L’autore si chiede giustamente se: “il fatto di far coincidere totalmente cervello e coscienza non è forse una convinzione di chiara natura ideologica, che esclude dogmaticamente la possibilità di forme di coscienza non necessariamente derivanti e dipendenti dall’organo cerebrale (sempre ammesso che si possa davvero, senza dubbi di sorta, dichiararlo definitivamente e irreversibilmente “spento”)?”.
In generale, l’espiantato respira e ha un cuore che batte. In caso contrario non potrebbe subire l’espianto degli organi. L’espiantato è quindi vivo, per quanto privo di coscienza.
È una verità che alle persone non viene detta. Al di là di ogni altra considerazione, è questo l’elemento assolutamente inaccettabile: questa omissione, questa dissimulazione, questo silenzio.
fausta squatriti
e’ un tema appassionate, quello posto dal testo cui rispondo, pur senza essere in grado di prendere una posizione precisa, proprio perchè, se ora si può, clinicamnete, decidere di porre fne ad un essere ancora vivente, stabilento razionalment il valore dell’esistenza nella sola possibilità di pensare, diventa eticamente rilevante affidarsi alla forza della natura, e lasciare che la gente muoia, seocndo natura.
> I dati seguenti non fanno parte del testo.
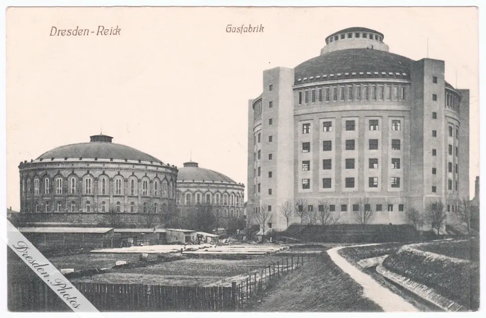 Gasfabrik Dresden-Reick, auf der rechten Seite der neue Gasbehälter III von Erlwein
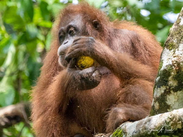 And then over on the other side, we noticed a teenager who was a bright, bright orange and the younger orangutans tend to be. He was climbing down a tall tree heading for the food. And boy was he beautiful.

Ma questo non avvine, e sarebbe più semplice, per via dei progressi scientifici, che prolugano la vita, anche in assenza di segnali certi dati dal cervello. Organo, il cervello, che io stessa tengo in grandissima considerazione. Scegliere di porre fine ad un coma irreversibile, mi pare lecito, allo stato attuale del nostro modo di vivere. Doloroso come, anzi, molto più, di un aborto, che pure si pratica a volte anche cn leggerezza, e che non presenta un aspetto – visivo – così sconvolgente come la estrazione di organi pulsanti, da un corpo che diventerà solo scarto. Va considerato che le regole etiche e morali che l’umanità si è creata, non hanno un termine di paragone cui rapportarsi, non sono assolute, un vero esempio, un lume, non lo abbiamo, non lo hanno neppure i credenti, e tutti oscilliamo nel liquido amorbante delle nostre ìndecisioni, le migliori possibile, a volte le peggiori possibile. Per la vita c’è esagerato rispetto, dal punto di vista filosofico e etico, ma quando l’essere vivente è in buona salute, lo si tratta senza pietà. Tutto è imperfetto, irreparabile, compromesso già in partenza. La potenza intellettiva dell’umanità, dedita alla ricerca della evoluzione delle idee, ha condotto la stessa umanità allo sconforto, alla incpacità di tracciare la linea di demarcazione tra bene e male, tra possibnile e impossibile.